Florida Resumes Capital Punishment, Executes Child Rapist-Killer
July 1, 2008 10:07 p.m. EST
Starke, FL (AHN) - Florida resumed capital punishment on Tuesday, the first since the U.S. Supreme Court's ruling upholding lethal injection, with the execution of a inmate convicted of kidnapping, raping and killing a boy in 1991.
Mark Dean Schwab, 39, died at 6:15 p.m. or 12 minutes after chemicals were injected at the state's death chamber here. He had appealed his execution, claiming the procedure would cause pain and suffering much like what happened to the last executed inmate in 2006. The Supreme Court, however, denied the appeal hours before his execution.
The family of Schwab's victim, Junny Rios-Martinez of Cocoa, were among the 40 witnesses at the death chamber.
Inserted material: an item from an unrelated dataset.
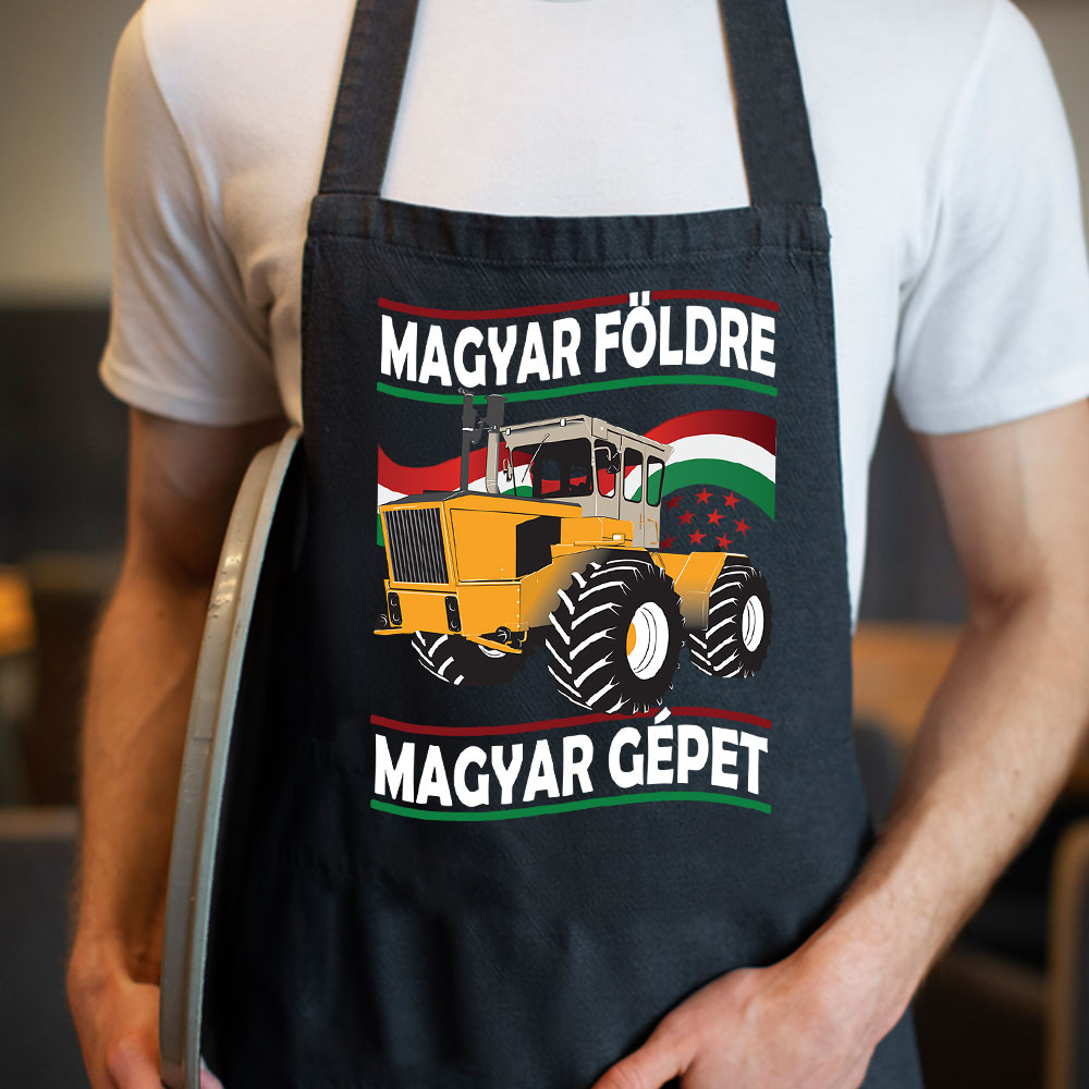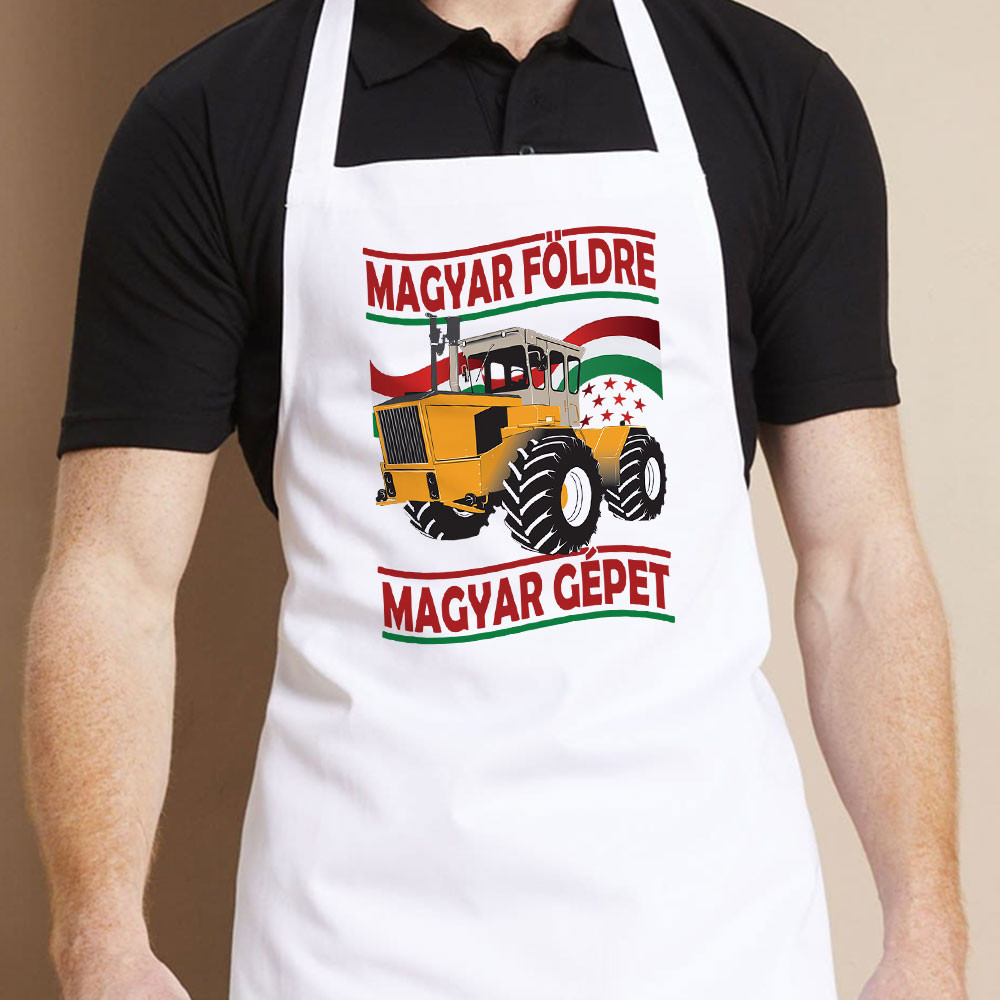 Traktoros ajándék, magyar földre Rába kötény. Magyar földre, magyar gépet kötény Rába mintával mezőgazdászoknak, traktorosoknak születésnapra, névnapra.

Outside the facility, other relatives of the victim cheered upon hearing of Schwab's death while about 50 anti-death penalty advocates prayed 75 yards away.
Schwab was scheduled to be executed in November but a moratorium on lethal injection arising from a legal challenge on the method delayed the execution. The Supreme Court upheld the constitutinality of the procedure in April.
Schwab was the 10th inmate to be executed in the U.S. since the Supreme Court ruling and the 65th in Florida since the state resumed capital punishment in 1979.